У меня зашумело в ушах. Лицо вспыхнуло. Ноги стали ватными. Сердце мое
колотилось, как у убийцы. Сам того не поняв, я потерял сознание, и нашли
меня только через четыре часа. Придя в себя, я инстинктивно остерегся
раскрывать причину своего обморока и, рискуя выставить себя на посмешите,
рассказал, что испугался зайца, внезапно выскочившего из зарослей.
В другой раз это случилось год спустя. Мой отец разрешил цыганам
разбить свой табор в той самой части парка, где я когда-то потерял сознание.
Я гулял с няней. Вдруг она, вскрикнув, потащила меня прочь, запрещая
оглядываться. Был ослепительный зной. Двое цыганят разделись донага и
карабкались на деревья. Картине, шокировавшей мою няньку, непослушание стало
оправой и сохранило ее во всей незабываемости. Проживи я хоть сто лет,
благодаря этому крику и бегству я всегда могу увидеть, как наяву, повозку,
женщину с младенцем на руках, пасущуюся белую лошадь и в ветвях деревьев --
два бронзовых тела, в трех местах запятнанные черным.
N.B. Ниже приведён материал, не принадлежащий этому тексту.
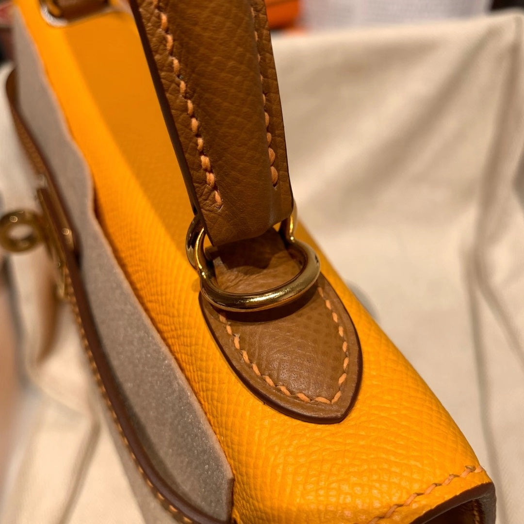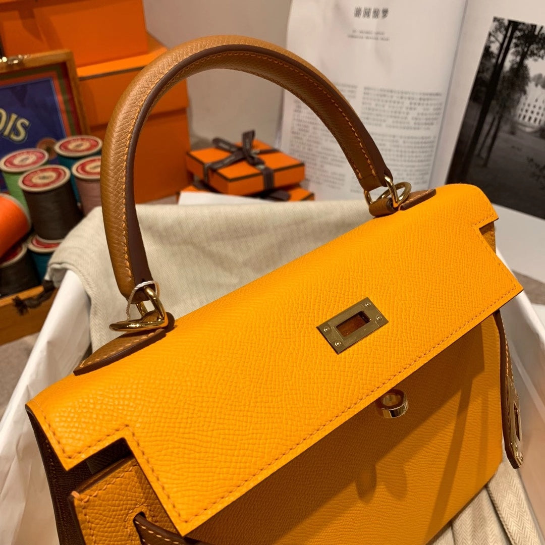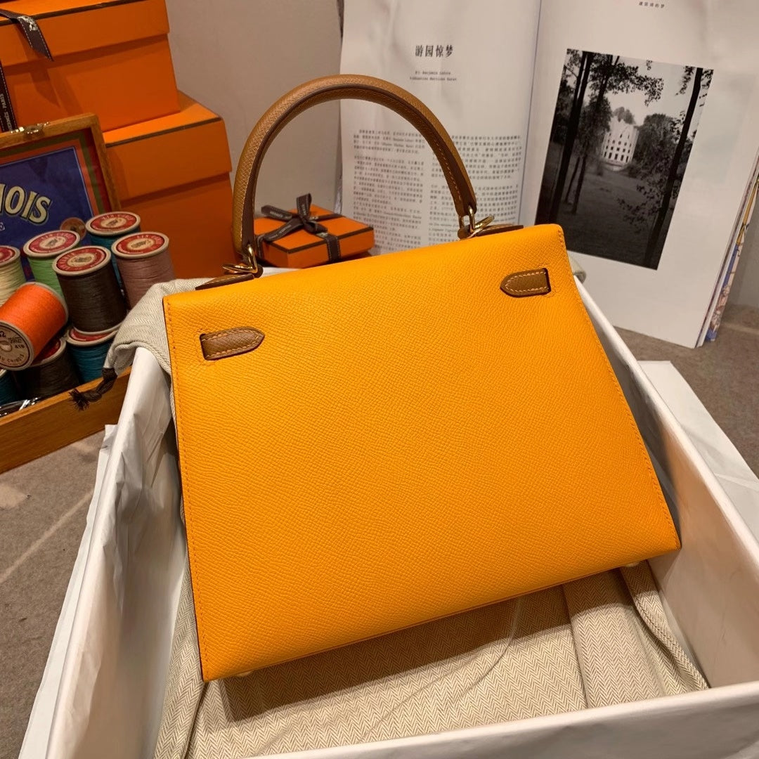 Discover the elegance of our semi-handmade Kelly handbag, crafted from premium epsom leather in a striking mango yellow with golden brown accents. This exclusive 25cm model features unique horseshoe prints, making each piece truly one-of-a-kind. Designed for our VIP customers, this handbag not only showcases your personal style but also elevates your social status. Enhance your collection with this luxurious and customizable accessory, perfect for any occasion. Limited availability – order yours today!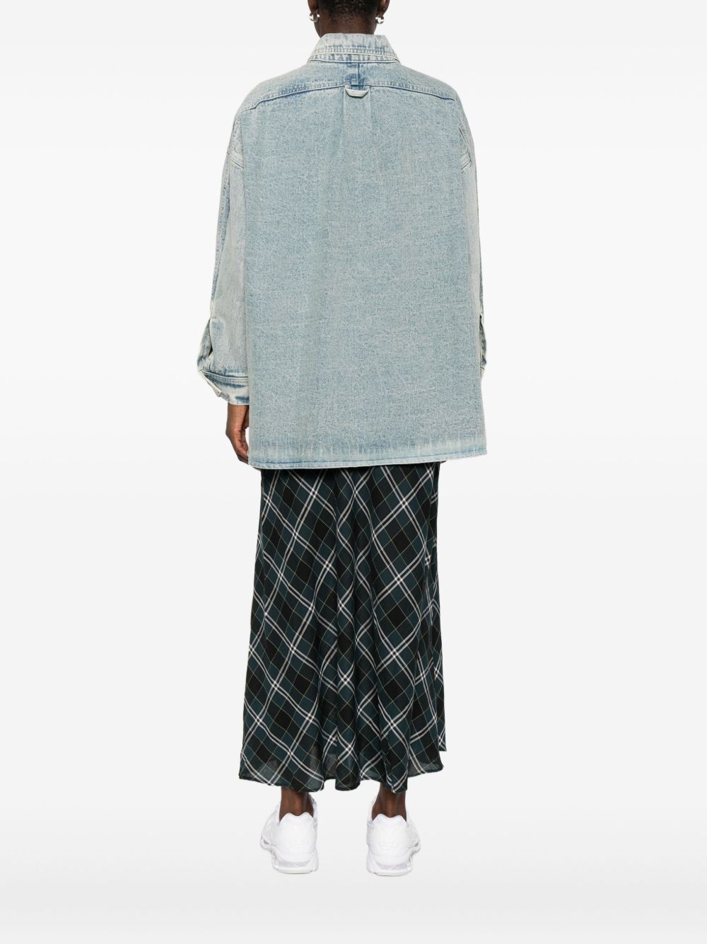 blue floral appliqué patch detail front button fastening chest pocket long sleeves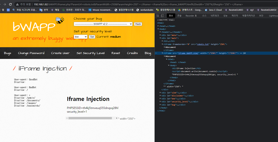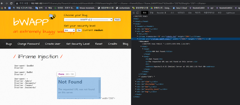 low레벨에서와 마찬가지로 ParamUrl을 조작했을 때, iframe_injection.html이 출력되지 않는 것을 볼 수 있다.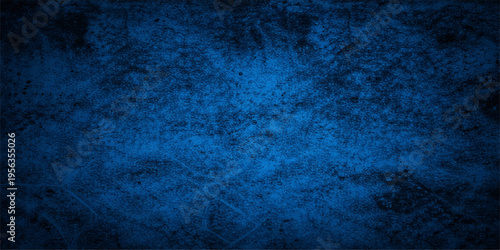 A dark blue grunge texture with a rough aged surface and vintage paint patterns creates a blank retro wall backdrop for an artistic design

Последний случай был связан с молодым лакеем по имени, если не
ошибаюсь, Гюстав. Прислуживая за столом, он едва удерживался от смеха. Эта
смешливость пленяла меня. Бесконечное же прокручивание в голове воспоминаний
о мальчике с фермы и цыганятах привело к тому, что я остро возжелал
потрогать руками то, что довелось увидеть моим глазам.
План у меня был самый наивный. Нарисую женщину, покажу картинку
Поставу, он засмеется, а я попрошу позволения потрогать тайну, которая
рисовалась моему воображению во время застолья под многозначительной
выпуклостью брюк. Что же до женщин в неглиже, то кроме няни видеть мне
таковых не доводилось, и я считал, что упругие груди как-то делают себе
актрисы, а вообще у всех они обвислые. Мой рисунок был весьма реалистичен.
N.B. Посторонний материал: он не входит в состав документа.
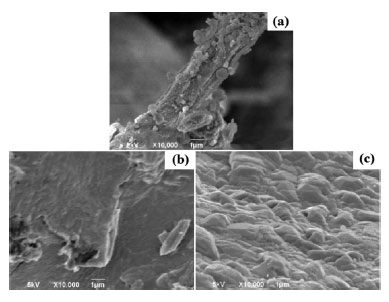 ![]() Figura 2. Micrografia da escama de peixe (a), dos materiais ESC-Quit (b) e ESC-Quit-B (c)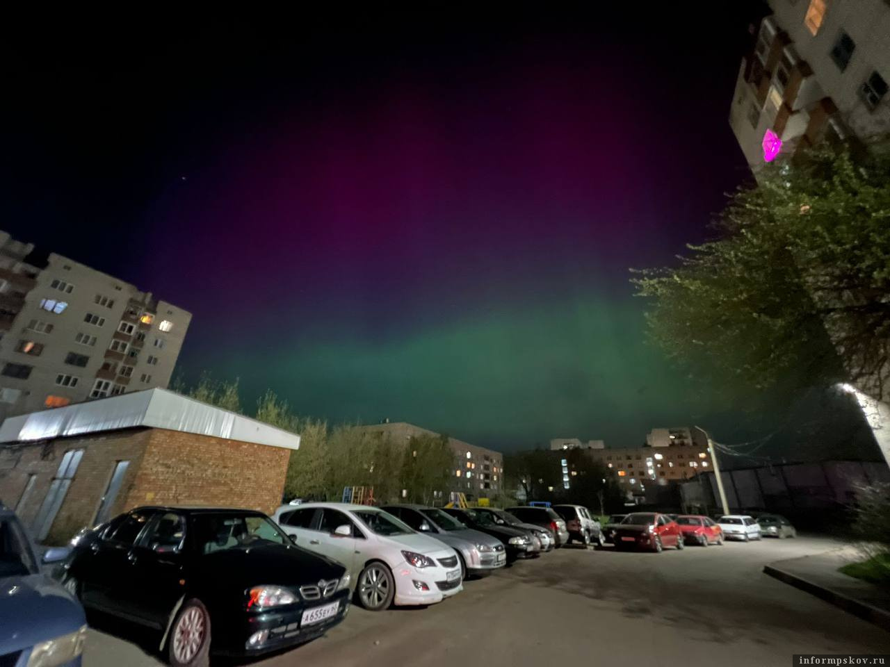 Северное сияние было замечено на Октябрьском проспекте в Великих Луках, сообщает телеграм-канал «Luki-news».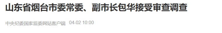 中央纪委国家监委网站讯 据山东省纪委监委消息:烟台市委常委、副市长包华涉嫌严重违纪违法,目前正接受山东省纪委监委纪律审查和监察调查。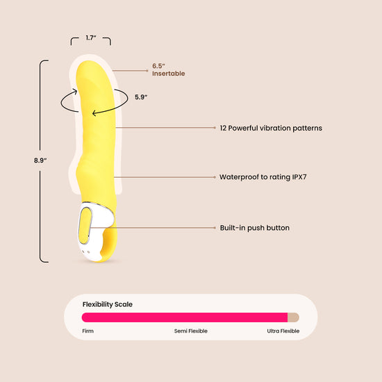 Satisfyer Yummy Sunshine G-Spot Vibrator is a pleasurably curved vibe that pampers you with its sensually ribbed structure, inclined tip, and deep vibrations. In a perky yellow with a smooth touch surface, it will give you intense climaxes, making your sunshine for days!

Постав расхохотался, спросил меня, кто моя модель, а когда я, пользуясь тем,
что он так и кис от смеха, с неподобающей дерзостью двинулся прямо к цели,
оттолкнул меня, весь красный, ущипнул за ухо -- якобы за то, что я его
пощекотал - и, до смерти боясь лишиться места, выпроводил за дверь.
Через несколько дней он попался на краже вина. Отец уволил его. Я
заступался, плакал; все было без толку. Я проводил Гюстава до станции,
подарив ему на прощанье кегли для его маленького сына, фотографию которого
он мне показывал.
Моя мать умерла, произведя меня на свет, и я жил всегда наедине с
отцом, человеком грустным и очаровательным. Его грусть зародилась задолго до
смерти жены. Даже в счастье он был грустным, и потому-то я искал более
глубокие корни этой грусти, чем вдовство.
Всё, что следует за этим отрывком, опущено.